> Task instructions
Only an exact repeat of the listing, without its images, counts as the answer.

> Given information
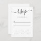 Colete respostas com estilo usando esta placa RSVP em preto-e-branco com letras elegantes de script e um layout minimalista. Os convidados podem marcar facilmente a sua presença, escolher a sua opção de refeição e devolver o cartão até à data solicitada. Perfeitamente coordenado com os modernos conjuntos de papelaria de casamento, este design simples e eterno adiciona um toque refinado aos seus convites de casamento, mantendo os detalhes claros e fáceis de seguir.
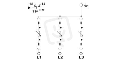 Svodič přepětí, podle UL typ 1 a podle IEC typ 2, tříkanálový s kontaktem dálkového hlášení, na 277/480 V AC, 4 žíly.
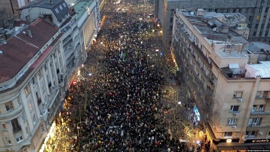 Tog dana, postalo je jasno da je režim Aleksandra Vučića izgubio vlast nad srpskim društvom, ali ne i moć nad državnim institucijama. Drugim rečima, postalo je jasno da režim više ne može da upravlja društvenim tokovima, ali i da društvo nema uticaja na državu. Tog dana, postalo je očigledno ono što je moglo da se nasluti već neko vreme, a to je da se Srbija nalazi u stanju raskola. Taj raskol se vidi na svakom koraku: recimo u kampu u Pionirskom parku, koji je tokom dana uoči 15. marta služio ne kao izraz podrške režimu ili otpora prema studenskom pokretu, već kao studio na otvorenom prorežimskih medija. Na primer, dok desetine hiljada građana ide ka Beogradu da bi uzelo učešće u protestu, Politika javlja da su „studenti“ u Pionirskom parku razvili veliku srpsku trobojku. Šta?! Treba ipak nekako popuniti naslovne strane novina i vreme udarnih informativnih emisija, ma koliko „vesti“ bile fabrikovane i besmislene. Ali, to ne iscrpljuje smisao ove i drugih besmislenih „vesti“.
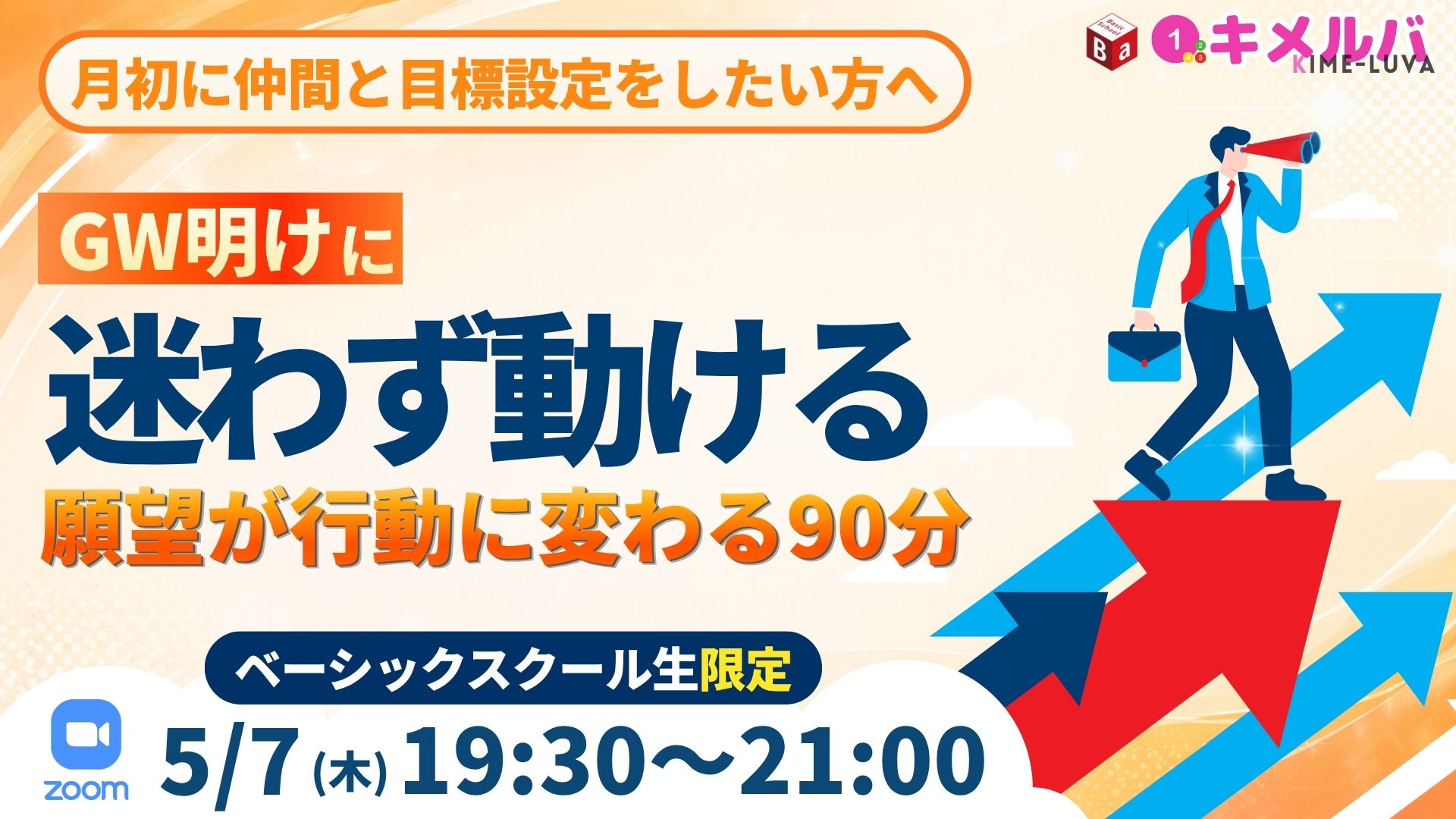 【zoom】GW明けに迷わず動ける 願望が行動に変わる90分 キメルバ
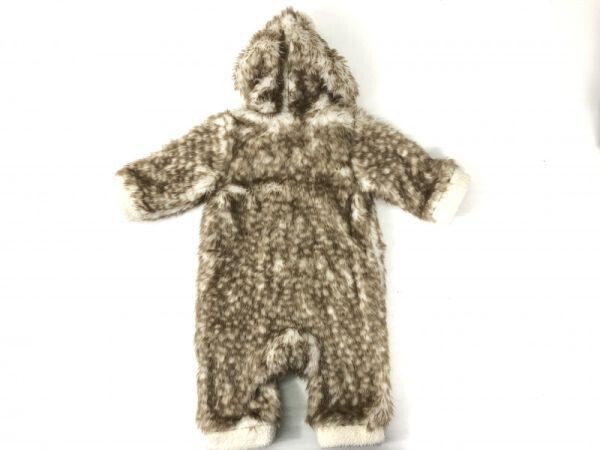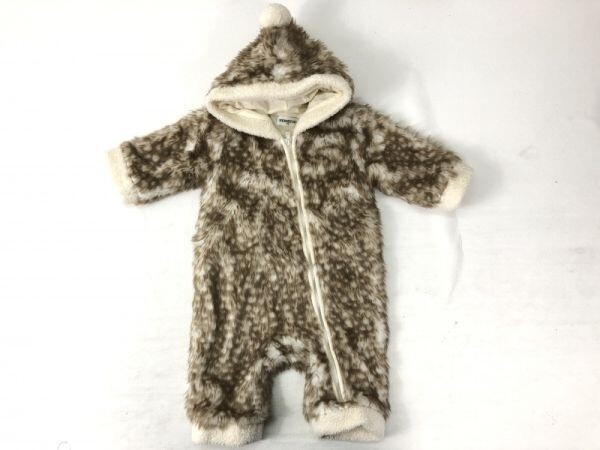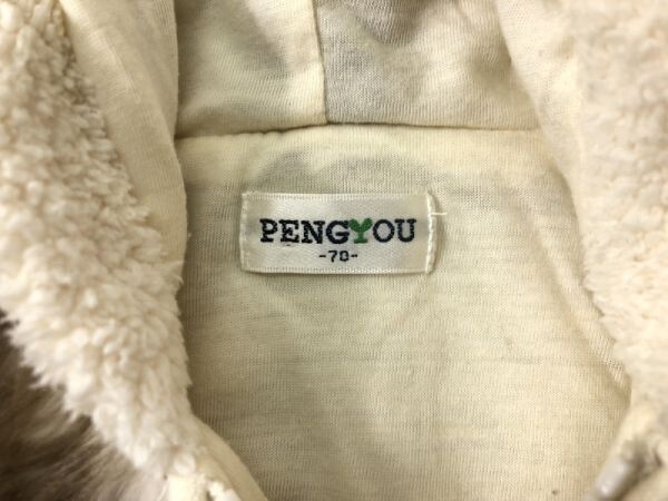PENG YOU キッズ 子供服 ボアフリース フェイクファー アニマル柄 総柄 ポンポン付き フード ロンパース つなぎ 斜めジップ 70cm 茶系 です。
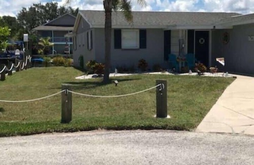 This amazing centrally located one level 2/1.5 remodeled/romantic cottage is tastefully decorated on a huge four-way intercoastal corner lot with 180° water views romantic or family getaway memories. This amazing centrally located one level 2/2 remodeled/romantic cottage is tastefully decorated on a huge four-way intercoastal corner lot with 180° water views romantic or family getaway memories begin here. Hudson Beach, sunsets, tiki bars, dining and Hudson ice cream parlor all within walking distance. Kayaks, paddle boards, canoe, bicycles, fishing rods, corn toss and all safety equipment. Plenty of outdoor games and what is a cottage without foosball. This cottage sits on a deep water main canal two blocks from the Gulf of Mexico. So you enjoy seeing Fishing boats, shrimp boats, and pleasure boats pass by the property in this no wake zone. Dolphins, manatees, birds, and schools of fish passed by this corner at any moment. There is plenty of parking for RVs, trailer, cars and personal autos. Your personal dock for fishing swimming and to keep those water toys of yours tied up.

> Worked solution
 Colete respostas com estilo usando esta placa RSVP em preto-e-branco com letras elegantes de script e um layout minimalista. Os convidados podem marcar facilmente a sua presença, escolher a sua opção de refeição e devolver o cartão até à data solicitada. Perfeitamente coordenado com os modernos conjuntos de papelaria de casamento, este design simples e eterno adiciona um toque refinado aos seus convites de casamento, mantendo os detalhes claros e fáceis de seguir.
 Svodič přepětí, podle UL typ 1 a podle IEC typ 2, tříkanálový s kontaktem dálkového hlášení, na 277/480 V AC, 4 žíly.
 Tog dana, postalo je jasno da je režim Aleksandra Vučića izgubio vlast nad srpskim društvom, ali ne i moć nad državnim institucijama. Drugim rečima, postalo je jasno da režim više ne može da upravlja društvenim tokovima, ali i da društvo nema uticaja na državu. Tog dana, postalo je očigledno ono što je moglo da se nasluti već neko vreme, a to je da se Srbija nalazi u stanju raskola. Taj raskol se vidi na svakom koraku: recimo u kampu u Pionirskom parku, koji je tokom dana uoči 15. marta služio ne kao izraz podrške režimu ili otpora prema studenskom pokretu, već kao studio na otvorenom prorežimskih medija. Na primer, dok desetine hiljada građana ide ka Beogradu da bi uzelo učešće u protestu, Politika javlja da su „studenti“ u Pionirskom parku razvili veliku srpsku trobojku. Šta?! Treba ipak nekako popuniti naslovne strane novina i vreme udarnih informativnih emisija, ma koliko „vesti“ bile fabrikovane i besmislene. Ali, to ne iscrpljuje smisao ove i drugih besmislenih „vesti“.
 【zoom】GW明けに迷わず動ける 願望が行動に変わる90分 キメルバ
PENG YOU キッズ 子供服 ボアフリース フェイクファー アニマル柄 総柄 ポンポン付き フード ロンパース つなぎ 斜めジップ 70cm 茶系 です。
 This amazing centrally located one level 2/1.5 remodeled/romantic cottage is tastefully decorated on a huge four-way intercoastal corner lot with 180° water views romantic or family getaway memories. This amazing centrally located one level 2/2 remodeled/romantic cottage is tastefully decorated on a huge four-way intercoastal corner lot with 180° water views romantic or family getaway memories begin here. Hudson Beach, sunsets, tiki bars, dining and Hudson ice cream parlor all within walking distance. Kayaks, paddle boards, canoe, bicycles, fishing rods, corn toss and all safety equipment. Plenty of outdoor games and what is a cottage without foosball. This cottage sits on a deep water main canal two blocks from the Gulf of Mexico. So you enjoy seeing Fishing boats, shrimp boats, and pleasure boats pass by the property in this no wake zone. Dolphins, manatees, birds, and schools of fish passed by this corner at any moment. There is plenty of parking for RVs, trailer, cars and personal autos. Your personal dock for fishing swimming and to keep those water toys of yours tied up.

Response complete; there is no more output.